Go through the listing below and retype exactly the lines starting at the one with "10B1026深蓝黑藏蓝细闪直条套转主持人歌手" and ending at the one with "Besides the view, Jaspers", skipping pictures.

━━━━━ INPUT DATA ━━━━━

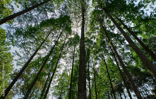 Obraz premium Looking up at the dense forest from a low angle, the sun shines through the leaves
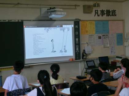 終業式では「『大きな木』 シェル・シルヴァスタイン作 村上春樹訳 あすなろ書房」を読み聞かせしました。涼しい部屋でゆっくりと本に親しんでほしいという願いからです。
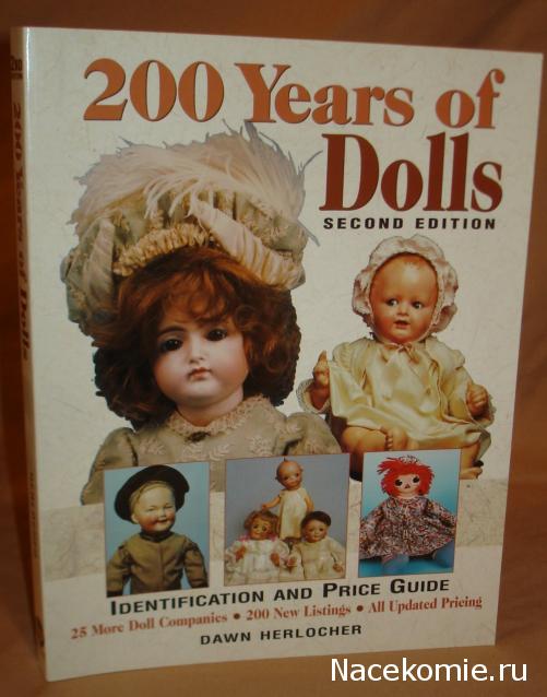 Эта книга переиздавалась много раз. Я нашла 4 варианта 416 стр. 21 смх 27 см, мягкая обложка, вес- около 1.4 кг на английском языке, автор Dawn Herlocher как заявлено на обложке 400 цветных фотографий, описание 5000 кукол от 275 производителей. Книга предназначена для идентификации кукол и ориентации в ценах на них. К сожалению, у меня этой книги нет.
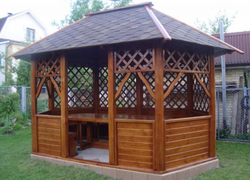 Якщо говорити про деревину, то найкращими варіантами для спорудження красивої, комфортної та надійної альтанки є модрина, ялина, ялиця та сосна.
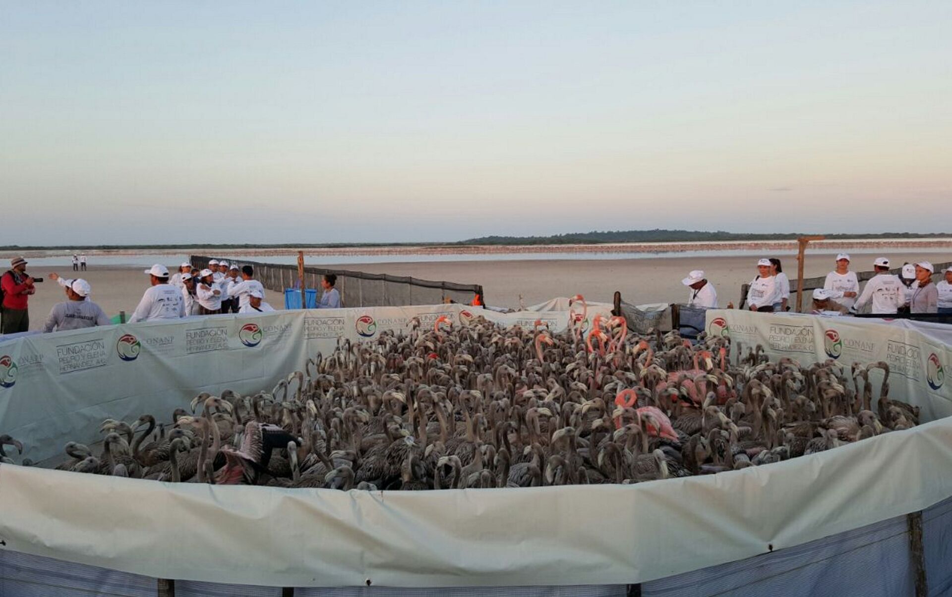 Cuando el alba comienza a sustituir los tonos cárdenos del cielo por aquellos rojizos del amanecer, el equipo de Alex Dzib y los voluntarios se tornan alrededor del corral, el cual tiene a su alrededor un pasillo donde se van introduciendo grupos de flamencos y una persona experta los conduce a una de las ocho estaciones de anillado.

━━━━━
━━━━━ INPUT DATA ━━━━━

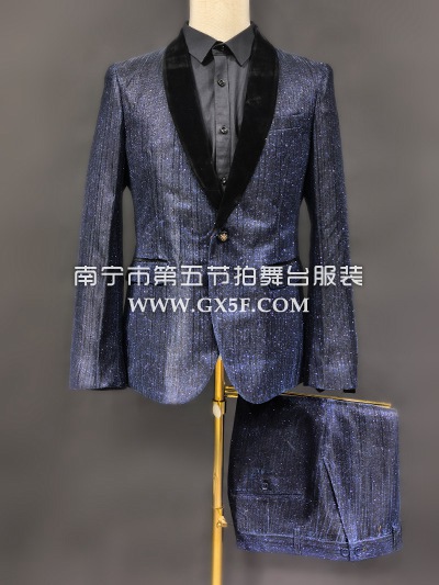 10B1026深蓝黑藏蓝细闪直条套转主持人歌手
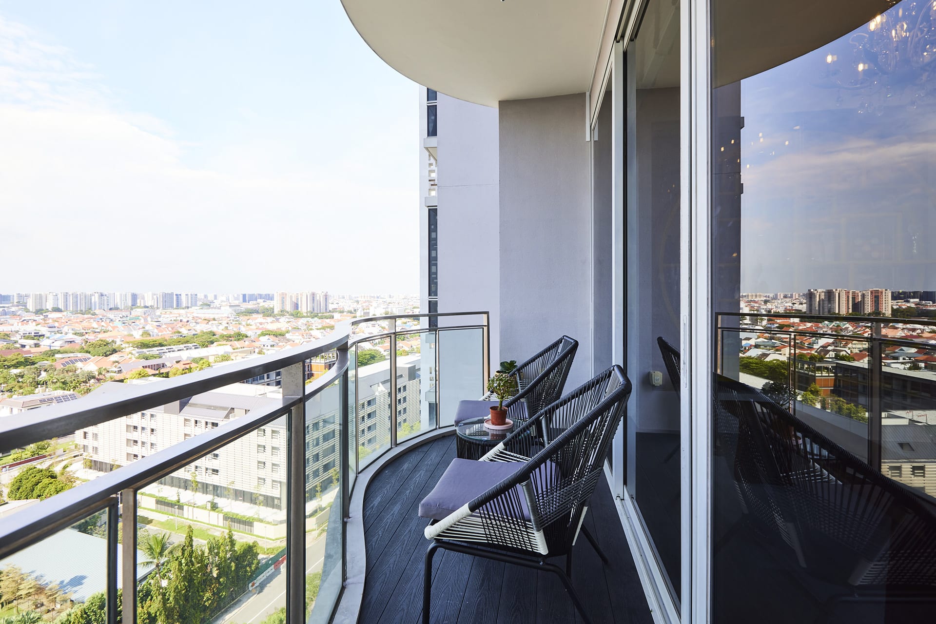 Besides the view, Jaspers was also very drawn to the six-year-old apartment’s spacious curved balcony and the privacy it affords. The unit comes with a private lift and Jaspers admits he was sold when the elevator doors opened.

━━━━━

_RESPONSE FOR THIS EXERCISE_.
 10B1026深蓝黑藏蓝细闪直条套转主持人歌手
 Besides the view, Jaspers was also very drawn to the six-year-old apartment’s spacious curved balcony and the privacy it affords. The unit comes with a private lift and Jaspers admits he was sold when the elevator doors opened.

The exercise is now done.